Review
Copyright ©The Author(s) 2015. Published by Baishideng Publishing Group Inc. All rights reserved.
World J Gastrointest Endosc. Jul 10, 2015; 7(8): 777-789
Published online Jul 10, 2015. doi: 10.4253/wjge.v7.i8.777
Current applications of endoscopic suturing
Stavros N Stavropoulos, Rani Modayil, David Friedel
Stavros N Stavropoulos, Rani Modayil, David Friedel, Department of Gastroenterology, Hepatology and Nutrition, Winthrop University Hospital, Mineola, NY 11501, United States
Author contributions: Stavropoulos SN contributed to informational source and manuscript preparation; Modayil R made the preparation and editor of illustrations; Friedel D made the preparation.
Conflict-of-interest statement: No potential conflicts of interest relevant to this article were reported.
Open-Access: This article is an open-access article which was selected by an in-house editor and fully peer-reviewed by external reviewers. It is distributed in accordance with the Creative Commons Attribution Non Commercial (CC BY-NC 4.0) license, which permits others to distribute, remix, adapt, build upon this work non-commercially, and license their derivative works on different terms, provided the original work is properly cited and the use is non-commercial. See: http://creativecommons.org/licenses/by-nc/4.0/
Correspondence to: Stavros N Stavropoulos, MD, Director, Department of Gastroenterology, Hepatology and Nutrition, Winthrop University Hospital, 222 Station Plaza North Suite 429 Mineola, Mineola, NY 11501, United States. sstavropoulos@winthrop.org
Telephone: +1-516-6634623 Fax: +1-516-6634617
Received: September 4, 2014
Peer-review started: September 4, 2014
First decision: January 20, 2015
Revised: February 13, 2015
Accepted: April 27, 2015
Article in press: April 29, 2015
Published online: July 10, 2015
Abstract

Endoscopic suturing had previously been considered an experimental procedure only performed in a few centers and often by surgeons. Now, however, endoscopic suturing has evolved sufficiently to be easily implemented during procedures and is more commonly used by gastroenterologists. We have employed the Apollo OverStitch suturing device in a variety of ways including closure of perforations, closure of full thickness defects in the gastrointestinal wall created during endoscopic full thickness resection, closure of mucosotomies during peroral endoscopic myotomy, stent fixation, fistula closure, post endoscopic submucosal dissection, endoscopic mucosal resection and Natural Orifice Transluminal Endoscopic Surgery defect closures, post-bariatric surgery gastrojejunal anastomosis revision and primary sleeve gastroplasty.

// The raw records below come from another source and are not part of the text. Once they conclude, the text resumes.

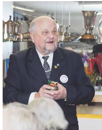
Unto Jack muistelee Turun Karjalatalon ja paikallisen Koivistoseuran syntyä.
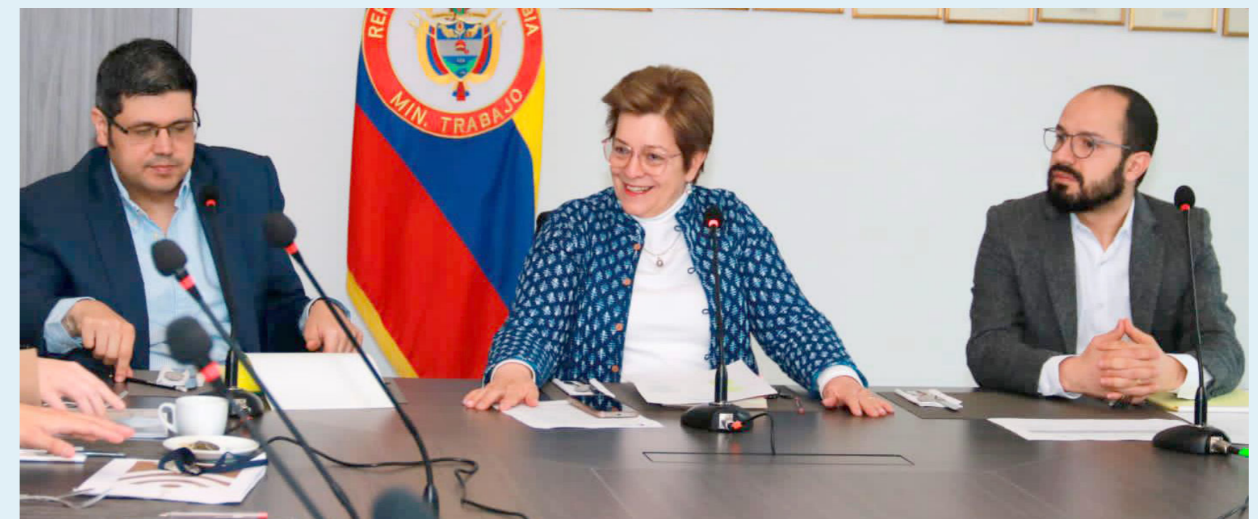
Cerca de 4 millones de trabajadores ganan un salario mínimo en Colombia.

De otra parte, anotó que se debe tener en cuenta la expectativa creciente por los incrementos de los combustibles, especialmente del ACPM (diésel), utilizado en su gran mayoría por la flota transportadora del país.
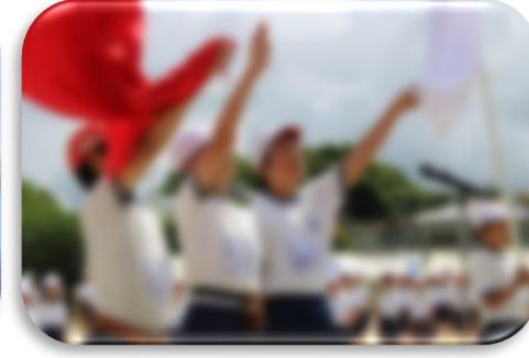
激走する のびっ子 徒走・リレー
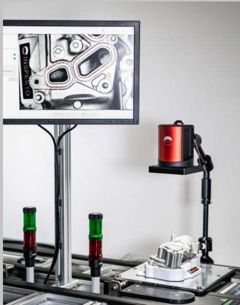
Autonomous Machine Vision revolutioniert die Qualitätskontrolle am Fließband
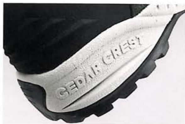
ソール側面にはCEDAR CRESTの文字が入っている

Keywords: Endoscopic suturing, Peroral endoscopic myotomy, Endoscopic full thickness resection, Natural Orifice Transluminal Endoscopic surgery, Endoscopic bariatric surgery, Endoscopic sleeve, Transoral outlet reduction

Core tip: The recent development of an endoscopic suturing platform, the only such device that is currently available in the United States, has led to a rapid expansion of endoscopic suturing applications ranging from simple procedures such as stent fixation to more complex ones such as closure of large full thickness defects and primary and revisional bariatric endoscopic surgery.